Problem statement: Everything from the line with "In the Top Ten" to the final line of the entries, both included, should be restated word for word; please omit the pictures.
*** Opening of Material for this exercise ***
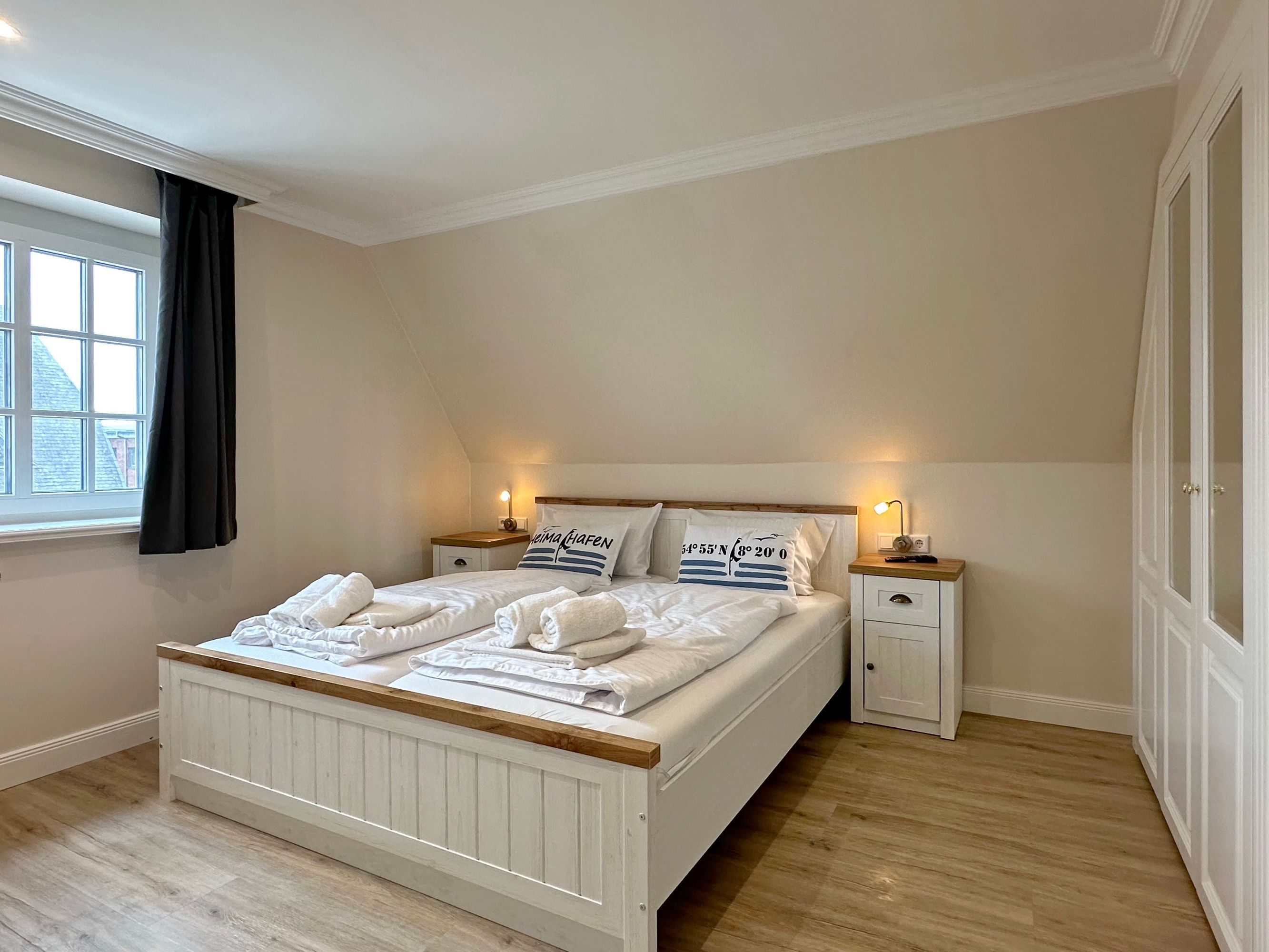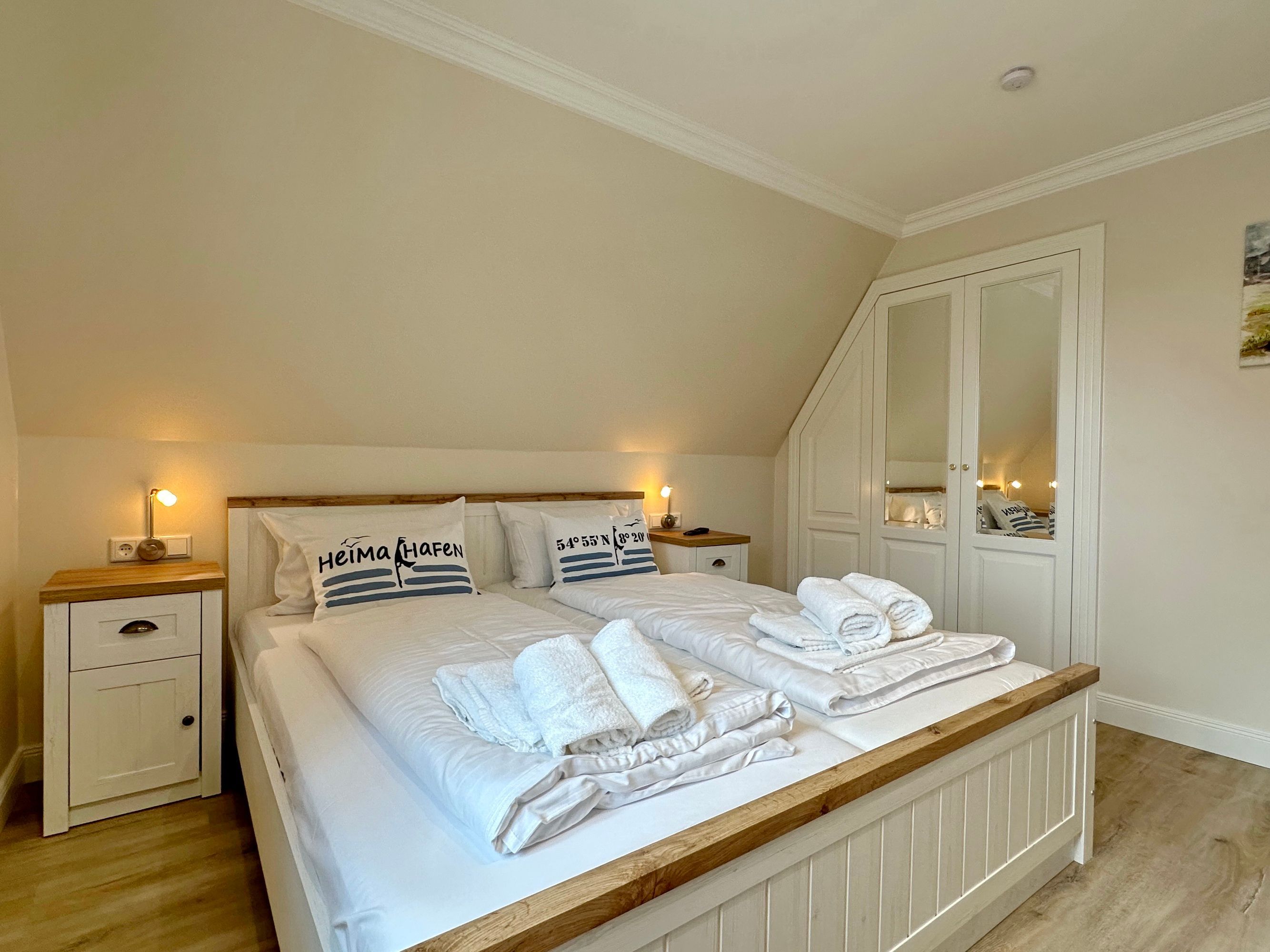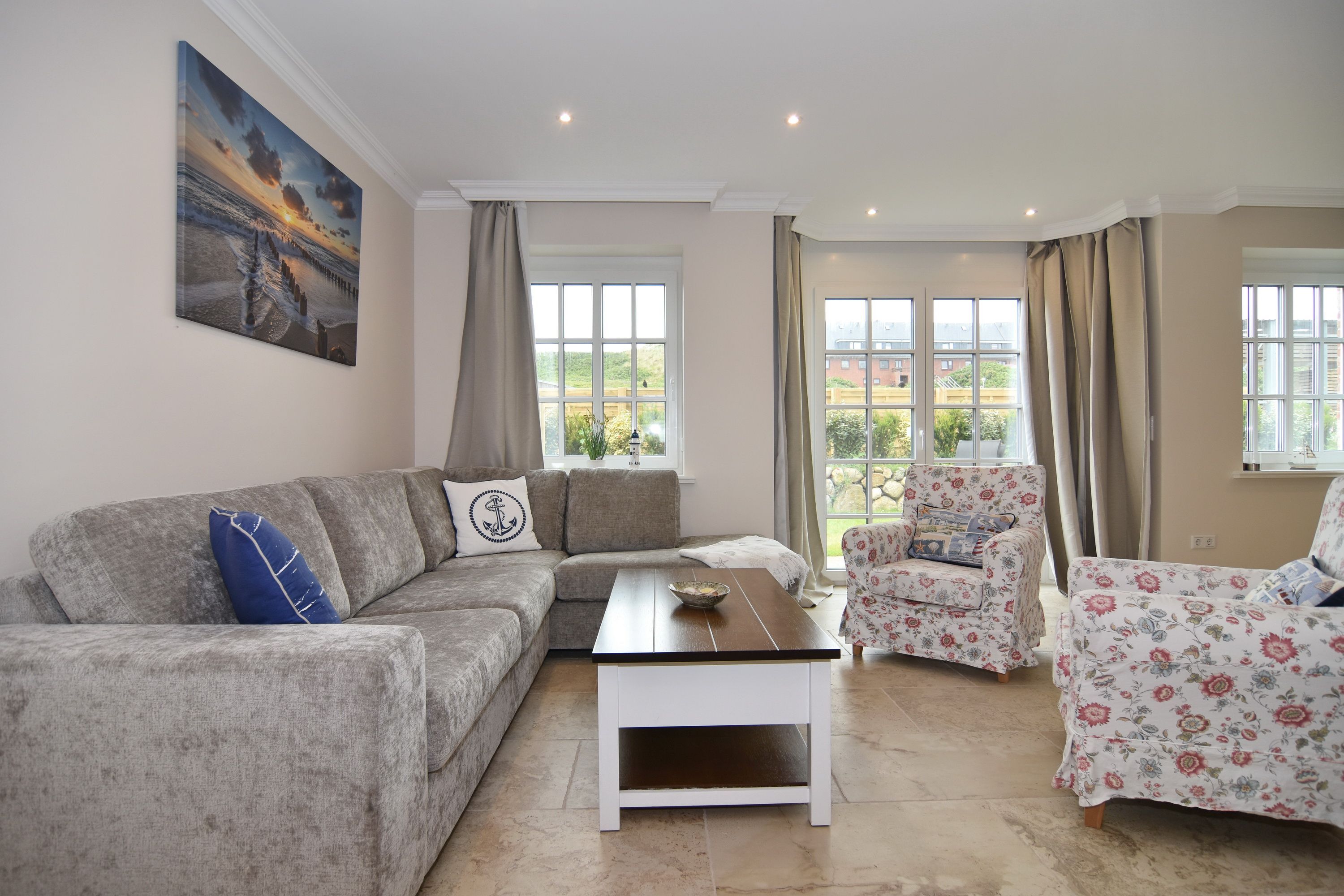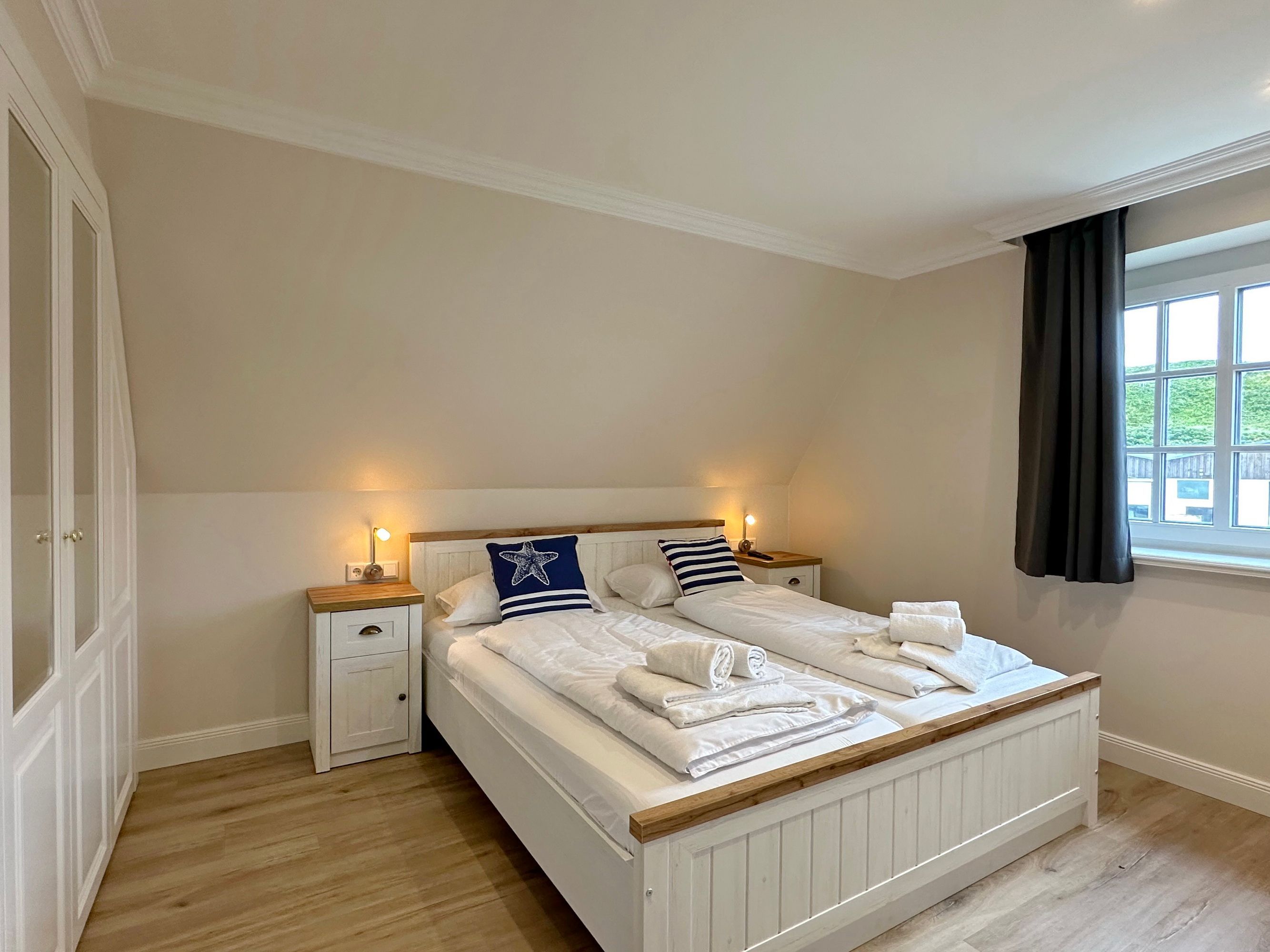 Großzügige Doppelhaushälfte in zentaler und strandnaher Lage Westerlands. EG: Wohnraum mit Essplatz, Sitzecke, TV, Kamin, offene Küche mit Kühlschrank, Backofen, Mikrowelle, Ceranfeld, Geschirrspüler, Kühlschrank und Gefrierschrank. Garten mit Südterrasse und Terrassenmöbeln. Gäste-WC, Heizungs-/Abstellraum mit Kinderreisebett (120x60, ohne Matratze und Bettzeug) und Kinderhochstuhl. OG: 2 Schlafzimmer mit Doppelbetten (180x200, 2 Matratzen), 1 Schlafzimmer mit 2 Einzelbetten (je 90x200). Alle Schlafzimmer mit Kleiderschrank und TV. Ein Bad ensuite mit großer bodentiefer Dusche, Waschmaschine und Trockner, ein Bad mit Wanne mit Duschvorrichtung, das vom Flur aus begehbar ist. Parkmöglichkeiten am Haus für maximal 2 Pkws. Fahrräder können derzeitig im Garten, später auch in der Garage abgestellt werden. Tierhaltung ist gestattet und muss kostenpflichtig angemeldet werden. Der Garten ist komplett eingezäunt. Rauchen im Objekt ist nicht gestattet.
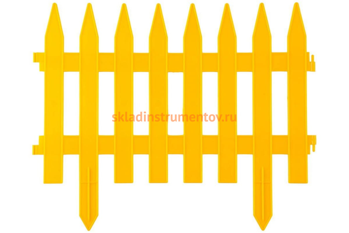 Декоративный забор Grinda КЛАССИКА 28x300 см, желтый 422201-Y используется для зонирования садовых и парковых участков. Семь секций позволяют создать ограждения различной геометрической формы. Забор изготовлен из полипропилена, устойчивого к негативному воздействию ультрафиолета.
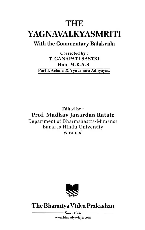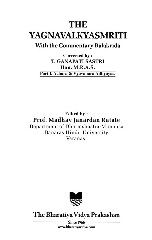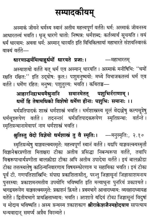 श्रीयाज्ञवल्क्यस्मृतिः The Yagnavalkyasmriti- With the Commentary Balakrida (Set of 2 Volumes)
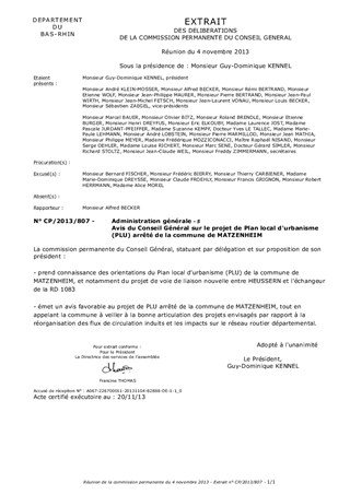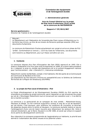 Avis du Conseil Général sur le projet de Plan local d'urbanisme (PLU) arrêté de la commune de MATZENHEIM
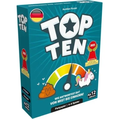 In the Top Ten board game, each player must find an answer on any topic. Using your secret number, such as impressive low (1) to fearsome (10), answer a topic In the cooperative card game, round captains select a theme. The difficult task of the cloak is to guess the order of answers, from the smallest to the largest. Open your digital card when your term is named. Whenever an uncovered number is smaller than the previous card, a plate from the unicorn zone moves to the poo area If the number is greater than the previous one, nothing happens. If all the dishes are in the area of feces, they lose. After the fifth round in the Unicorn Zone, you win 4-9 players | Ages 12+ | 30 minutes per game | Author: Aurélien Picolet | German game, Manufacturer: Asmodee gmbH
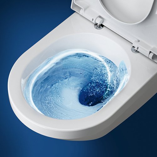 Kern des Systems ist eine durchdachte WC-Innengeometrie, die für eine besonders effiziente Wasserführung und Spülung sorgt. Die gezielte Wirbelkraft entfernt Verschmutzungen zuverlässig und reduziert den Einsatz einer Bürste deutlich. Dadurch wird auch seltener mehrmals hintereinander gespült. Neben der Wasserersparnis hat die Technik weitere Effekte: TwistFlush sorgt für eine nahezu 100%ige Oberflächenreinigung bei jeder Anwendung. Optional erhältliche Oberflächenveredelungen wie CeramicPlus, die Schmutz und Kalk abweisen, sowie die AntiBacGlasur, die Bakterienwachstum um 99,9 Prozent reduziert, erhöhen die Hygiene zusätzlich.
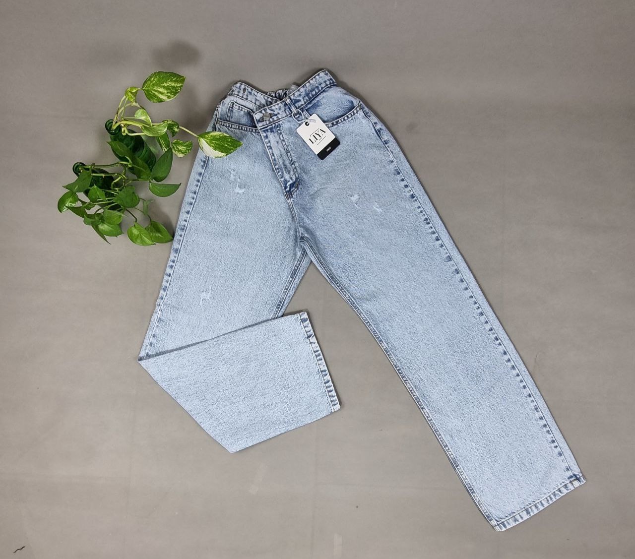 شلوار جین نیم بگ ابی روشن وکثیف شور سایزبندی: ۴۸_۵۰_۵۲_۵۴ فاق بلنده پشت کمرکش قد شلوار: ۱۰۷ سنگشور شده ونرم لطیف
*** Close of Material for this exercise ***
Task output:
 In the Top Ten board game, each player must find an answer on any topic. Using your secret number, such as impressive low (1) to fearsome (10), answer a topic In the cooperative card game, round captains select a theme. The difficult task of the cloak is to guess the order of answers, from the smallest to the largest. Open your digital card when your term is named. Whenever an uncovered number is smaller than the previous card, a plate from the unicorn zone moves to the poo area If the number is greater than the previous one, nothing happens. If all the dishes are in the area of feces, they lose. After the fifth round in the Unicorn Zone, you win 4-9 players | Ages 12+ | 30 minutes per game | Author: Aurélien Picolet | German game, Manufacturer: Asmodee gmbH
 Kern des Systems ist eine durchdachte WC-Innengeometrie, die für eine besonders effiziente Wasserführung und Spülung sorgt. Die gezielte Wirbelkraft entfernt Verschmutzungen zuverlässig und reduziert den Einsatz einer Bürste deutlich. Dadurch wird auch seltener mehrmals hintereinander gespült. Neben der Wasserersparnis hat die Technik weitere Effekte: TwistFlush sorgt für eine nahezu 100%ige Oberflächenreinigung bei jeder Anwendung. Optional erhältliche Oberflächenveredelungen wie CeramicPlus, die Schmutz und Kalk abweisen, sowie die AntiBacGlasur, die Bakterienwachstum um 99,9 Prozent reduziert, erhöhen die Hygiene zusätzlich.
 شلوار جین نیم بگ ابی روشن وکثیف شور سایزبندی: ۴۸_۵۰_۵۲_۵۴ فاق بلنده پشت کمرکش قد شلوار: ۱۰۷ سنگشور شده ونرم لطیف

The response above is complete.